Darkness found her at the edge of an unfamiliar neighborhood where the houses stood farther apart, and the trees cast shadows too deep to cross without light.

Charlotte had none. The glow from burning Tuckerton gave her direction, a red-orange smear on the eastern horizon, but not enough light to see the road beneath her feet.

She found the house by accident. Her shin struck a low wall lining a driveway she hadn’t seen in the dark.

Pain flashed through her leg, briefly overwhelming the ache in her chest, and she braced herself with one hand while the other kept hold of the watch.

The house was a single-story ranch set back from the road, its windows dark, its front door ajar like so many in the evacuated subdivision.

Charlotte approached slowly, listening for any movement or the strained silence of someone hiding inside.

All she heard was the wind rustling through the trees and the distant crackle of a fire somewhere to the east. The door opened into a hallway that smelled of old food and stale air.

She felt along the wall until she found a light switch and flipped it on out of habit, but nothing happened.

She moved through the house by touch, one hand on the wall and the other reaching out for door frames.

She found a bathroom and then a child’s room painted a soft blue that she could barely make out in the dark.

The master bedroom contained a queen bed with the covers thrown back.

Charlotte sat on the edge of the bed and unwound the cloth from her hands.

The blisters were hot and tight, almost certainly infected, and she knew the antibiotics would need time she might not have.

She took two more pills with the last of the water and set the empty bottle aside.

She placed her father’s watch on the nightstand, unable to bring herself to put it away.

Sleep came in fragmented bursts. Lying on top of the covers in a borrowed T-shirt and her postal pants, she could smell floral detergent lingering on the bed, a scent that reminded her of her mother’s closet.

The memory hurt enough that she nearly moved to the couch.

The bed was comfortable, and her body had reached its limit.

For a little while, with the cough quieter when she lay flat, she managed something close to real sleep.

Then Sophia called for her.

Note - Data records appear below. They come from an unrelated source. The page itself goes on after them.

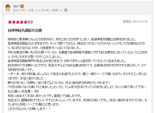 何か治療法がないものかと調べていると、松鶴堂で自律神経失調症に対する鍼治療をおこなっていることを知り、藁にもすがるおもいでいくことにしました。
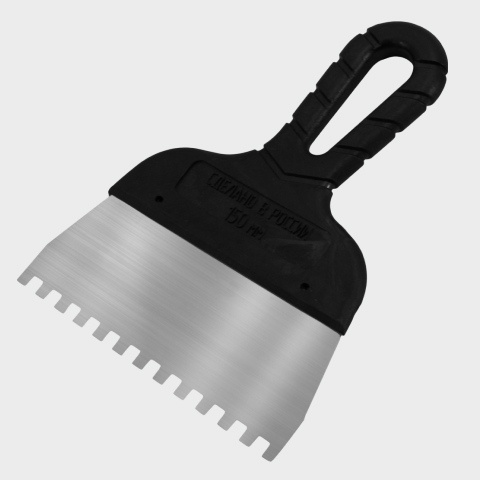 Фасадный шпатель зубчатый предназначен для проведения отделочных работ. Выполнен из нержавеющей стали, ручка пластмассовая.
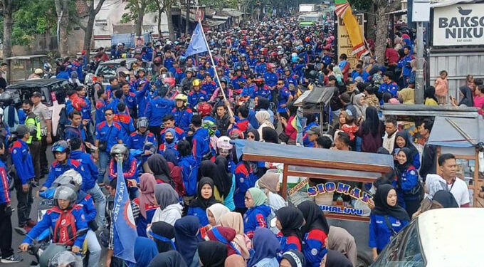 BANDUNG BARAT,– Terkait penetapan Upah Minimum Kota/Kabupaten (UMK) tahun 2024, para buruh di Jawa Barat seperti Kabupaten Bandung Barat (KBB), Kabupaten Cianjur, Kota Cimahi, Kabupaten Bandung, Kabupaten Majalengka, Kabupaten Cirebon dan lainnya melakukan aksi unjuk rasa, Rabu (29/11/2023).
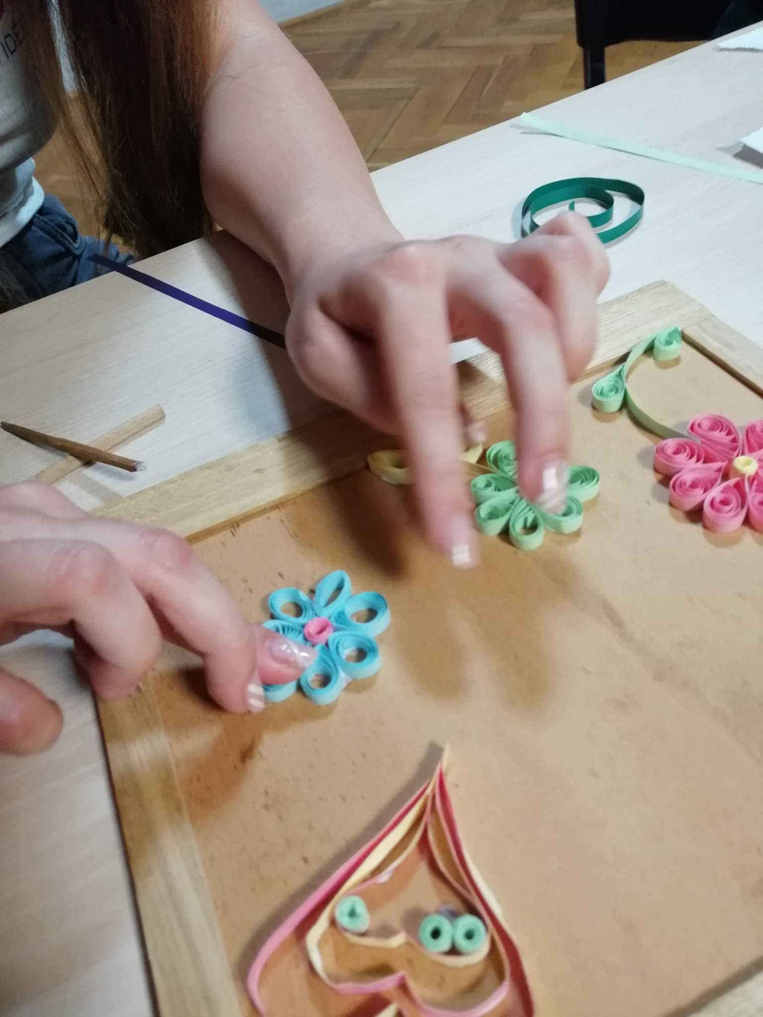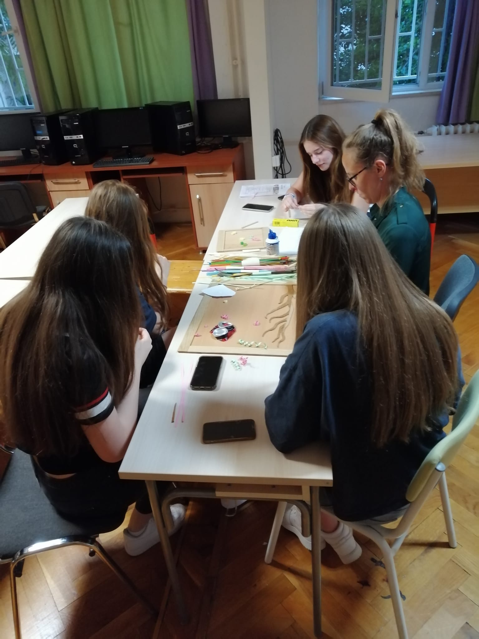 U ponedjeljak 27. svibnja 2024. održana je kretivna radionica quilling tehnike u kojoj su sudjelovale učenice 8. odgojne skupine – L. Grebenar, M. Reljica-Kostić, D. Juroš i A. Topalović. Radionicu je osmislila i vodila odgajateljica Tea Šegić Stipanov, a odgajatelj Damir Tomić je napravio tehničku pripremu. U ugodnom dvosatnom druženju učenice su se upoznale s osnovama quilling tehnike i pokazale velik potencijal u osmišljavanju i realizaciji različitih motiva. Kao rezultat uspješne radionice imamao dva nova djela kojima ćemo ukrasiti zidove našeg doma.

The sound was so clear that Charlotte was on her feet before she fully woke, one hand on the nightstand for balance.

“Sophia?”

The house answered with silence. She stood listening, hearing the wind through the trees and the distant fire, but nothing like a sixteen-year-old girl calling for her mother.

Her heart hammered, and the effort brought on a coughing fit that bent her double.

When it passed, she sat on the bed with her head in her hands.

The dream had been vivid. It was Sophia’s voice, her footsteps, the way she cleared her throat when nervous, and the smell of her coconut shampoo.

Charlotte lay back down and counted breaths, as she had after Jacob’s death, when sleep became something that required conditions.

She slept again, but the dream returned.

Sophia was in the basement. She heard footsteps on the concrete and water running from the faucet her father had been fixing.

Sophia called again, and Charlotte tried to answer, but in the dream, she couldn’t move toward the basement door.

She woke up gasping. The bedroom was dark and silent.

Her lungs felt full, and when she coughed hard enough to reach for the nightstand, she found only the empty water bottle.

She lay back and drifted through restless sleep populated by fragments.

There was Jacob’s face, her mother at the stove, and the maple in the yard, its leaves not turning but burning.

The third time Sophia called, Charlotte answered in her sleep.

“I’m here, I’m coming, hold on.”

Only after the words left her mouth did she wake enough to understand that she had spoken them into an empty room.

“I’m here,” she said again.

Charlotte sat up in bed, her body aching in protest, but the determination that had fueled her journey from the wagon to that moment still lingered within her.

As she picked up the watch, she realized that dawn was still hours away, and she had reached the limits of what sleep could offer her.

Lying in the dark, waiting for Sophia’s voice to return, whether real or just a figment of her imagination, felt too heavy a burden to bear.

In that quiet moment of solitude, she resolved to continue her journey at first light.

The faint glow on the eastern horizon had dimmed, but it still provided her with a sense of direction.

Though her body was faltering with each passing mile, the urgency of her quest remained unchanged. She needed to know.

Sitting on the edge of the bed, clutching her father’s watch, she waited patiently for the sky to brighten.

Outside, the wind whispered through trees that had stood resilient long before that day and would endure long after.

Charlotte held her father’s watch close, listened to the soothing sound of the wind, and allowed herself a moment of acceptance.

She didn’t allow herself to hope for grand gestures.

Instead, she embraced something simpler and more enduring.

She allowed herself to keep moving forward.